I have a Kinesis Stream that has three shards and the Producer applications write to the stream with a random partition key. In Kinesis Metric, I found that the count of GetRecords.Records is almost double to that of PutRecords.Records count.
To be precise count (in a minute):
PutRecords.Records: 10749
GetRecords.Records: 21496
Because of this, the Kinesis Record Processor which is lambda in my case, is getting a lot of duplicate records.
AWS document does suggest there would be some duplicates by “at least once” delivery mechanism of Kinesis stream. But almost the double of GetRecords is not very appropriate. Here is my SAM template for the processor lambda.
MyStream:
Type: AWS::Kinesis::Stream
Properties:
Name: my-stream
ShardCount: 3
MyStreamProcessorLambda:
Type: AWS::Serverless::Function
Properties:
FunctionName: my-stream-processor-lambda
...
...
Events:
Stream:
Type: Kinesis
Properties:
Stream: !Ref MyStream
BatchSize: 10000
StartingPosition: LATEST
MaximumBatchingWindowInSeconds: 300
The processor lambda is now, idempotent by enforcing a DB constraint such that same Record from the Batch will never be inserted in DB. Also the Error Rate of Lambda is 0. (No errors/ retries by the lambda)

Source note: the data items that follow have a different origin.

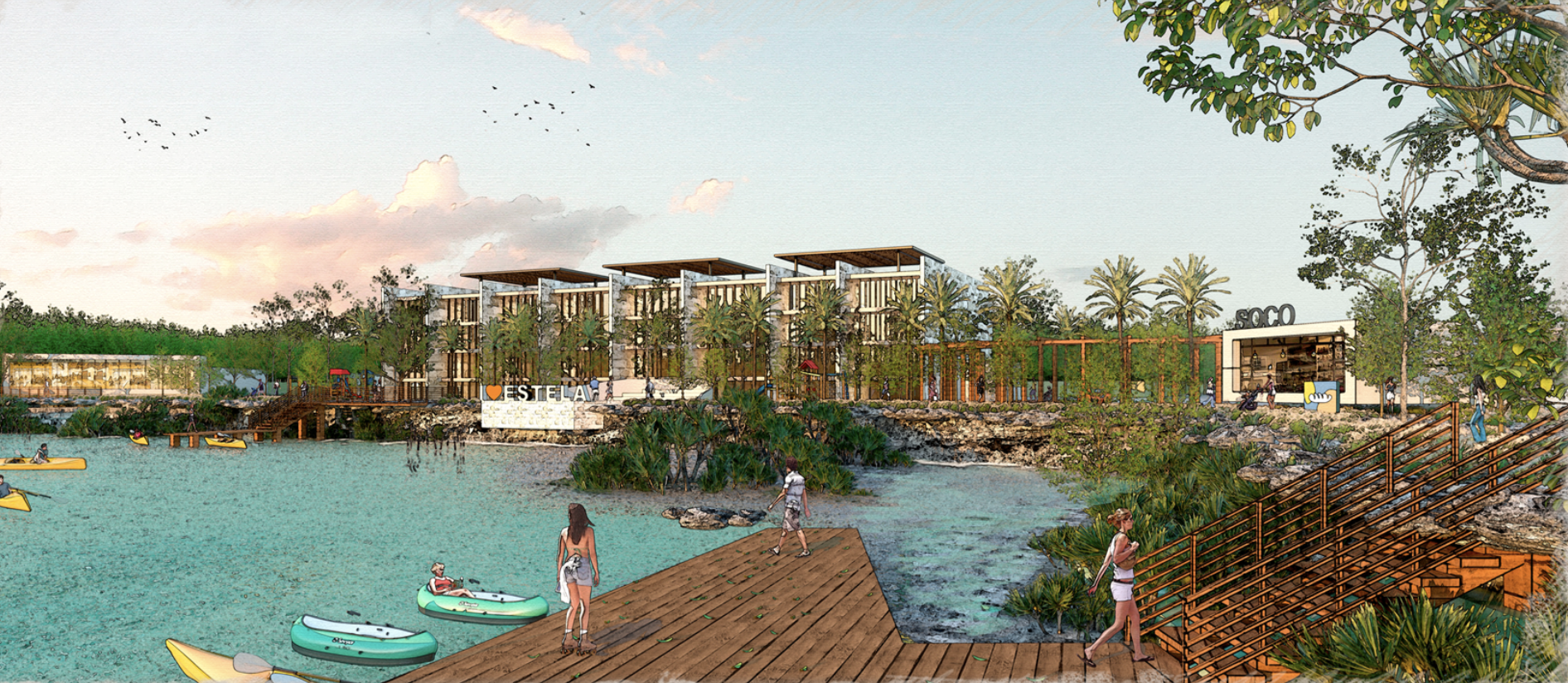 Las amenidades en general convivirán con el entorno de tal forma que la gente socialice en espacios abiertos y naturales. A propósito de esto, se quieren aprovechar los cuerpos de agua que circulan por Estela Norte para actividades como remar.
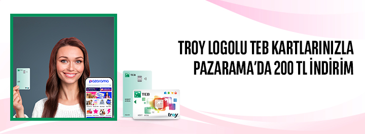 TROY Logolu TEB Kartlarınızla Pazarama’da tek seferde 1.000 TL ve üzeri alışverişe 200 TL indirim, üstelik 5.000 TL ve üzeri alışverişe 200 TL indirime ek 350 TL değerinde Yıllık Pazarama Plus Üyelik Hediye!
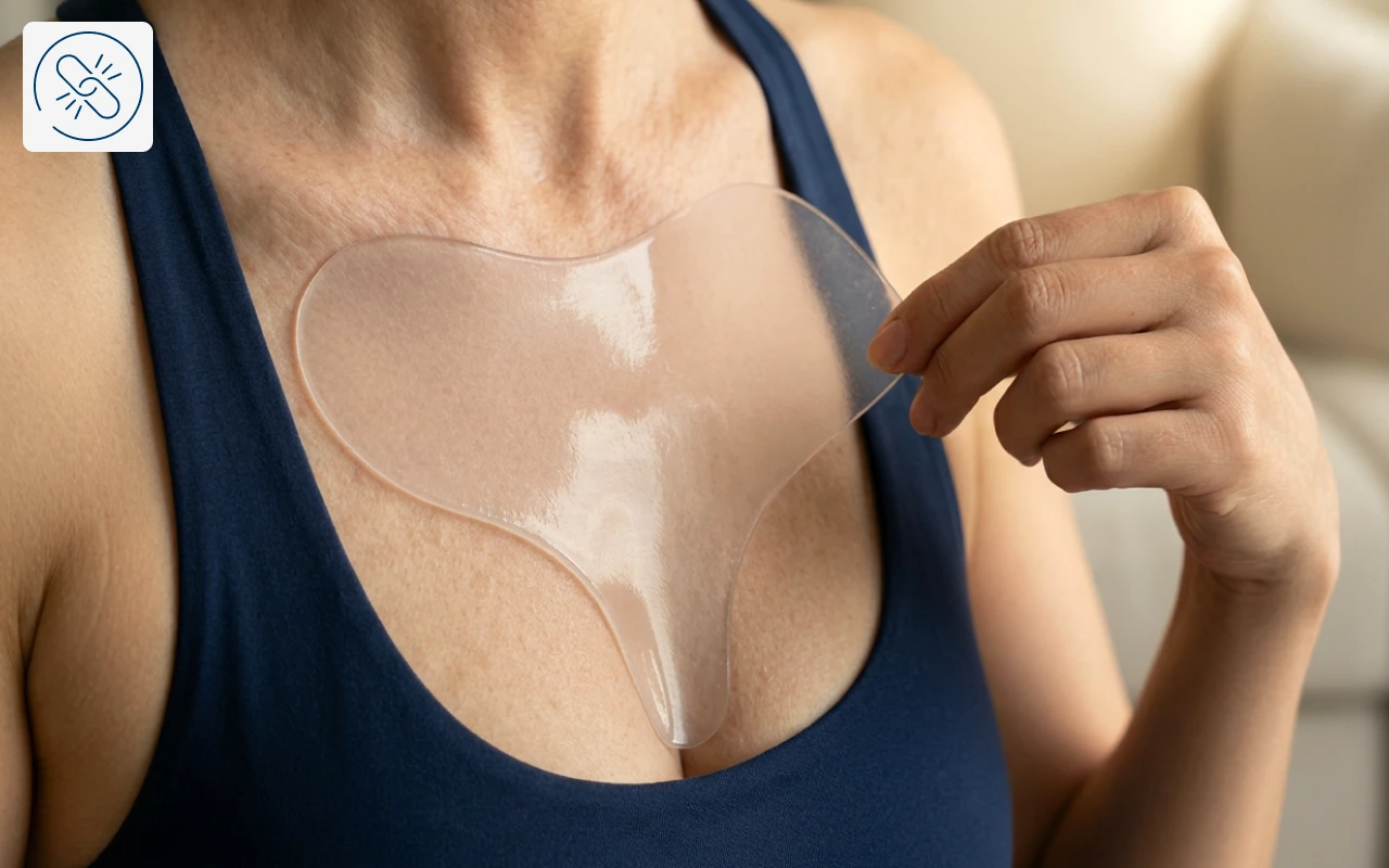 Elsker hvor enkel denne silikonplasten er å bruke. Den sitter på hele natten og gjør linjene på brystet mitt nesten usynlige om morgenen. Jeg føler meg så mye mer selvsikker.
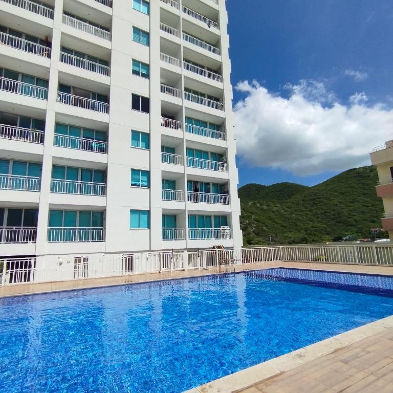 Puedes bañarte en la piscina de Estupendo y tranquilo apartamento en Santa Marta, El Rodadero.
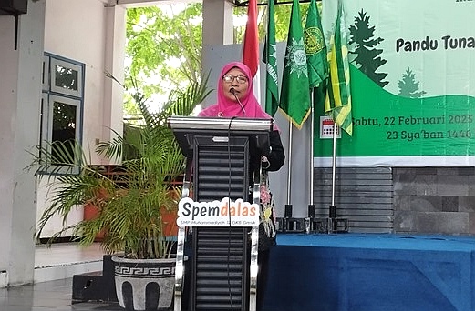 Ketua Majelis PAUD Dasmen Pimpinan Daerah Aisyiyah (PDA) kabupaten Gresik, Musyrifah, S. Pd saat memberikan sambutan pada kegiatan Orientasi Pandu Tunas Athfal di SMP 12 (Spemdalas) GKB Gresik, Jawa Timur, 22 Februari 2025 (Tagar.co/Rahma Yulia Isnaini)
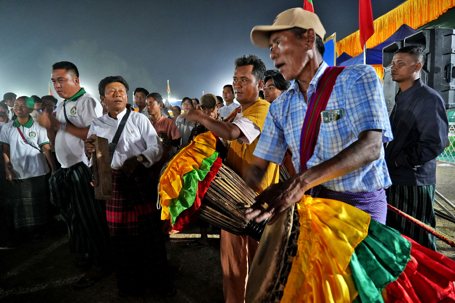 ဦးစွာ မကွေးတိုင်းဒေသကြီးအစိုးရအဖွဲ့ ဝန်ကြီးချုပ် ဦးတင့်လွင်နှင့် တာဝန်ရှိသူများသည် မြန်မာ့ရိုးရာထမနဲထိုးပြိုင်ပွဲ ဝင်ရောက်ယှဉ်ပြိုင်နေသည့် လုံခြုံရေးနှင့် နယ်စပ်ရေးရာဝန်ကြီးဌာနအောက်ရှိ ဌာနဆိုင်ရာ(၃)သင်း၊ စီးပွားရေးရာဝန်ကြီးဌာနအောက်ရှိ ဌာနဆိုင်ရာ(၁)သင်း၊ သယံဇာတရေးရာဝန်ကြီးဌာနအောက်ရှိ ဌာနဆိုင်ရာ(၂)သင်း၊ လူမှုရေးရာဝန်ကြီးဌာနအောက်ရှိ ဌာနဆိုင်ရာ (၃)သင်း၊ လမ်းပန်းဆက်သွယ်ရေးရာဝန်ကြီးဌာနအောက်ရှိ ဌာနဆိုင်ရာ(၃)သင်း၊ တိုင်းရင်းသားရေးရာ ဝန်ကြီးဌာနအောက်ရှိ ဌာနဆိုင်ရာများ၊ တိုင်းတရားလွှတ်တော်၊ တိုင်းဥပဒေချုပ်ရုံးတို့ ပူးပေါင်းပြီး အသင်း(၁)သင်းနှင့် အမှတ်(၈၈) ခြေမြန်တပ်မဌာနချုပ် ကိုယ်စားပြုအသင်း(၁)သင်း စုစုပေါင်း ပြိုင်ပွဲဝင်အသင်း(၁၄)သင်းတို့ ထမနဲထိုးယှဉ်ပြိုင်နေမှုနှင့် ပြိုင်ပွဲဝင်အသင်းများ ကိုယ်စားပြုအကအဖွဲ့များ ဖျော်ဖြေတင်ဆက်မှုကို ကြည့်ရှုအားပေးသည်။

Also the GetRecords.IteratorAgeMilliseconds in Stream Metrics is 0 and Read/Write ThroughputExceeded is 0.
Thus, I would like to get rid of those Duplicate records in the Batch, the lambda is processing.
Any configuration that have gone wrong here ?
It seems in Kinesis enhanced fan-out consumer, the SubscribeToShard also get all Records from GetRecords call. This is the reason the GetRecords count is almost twice as that of PutRecords.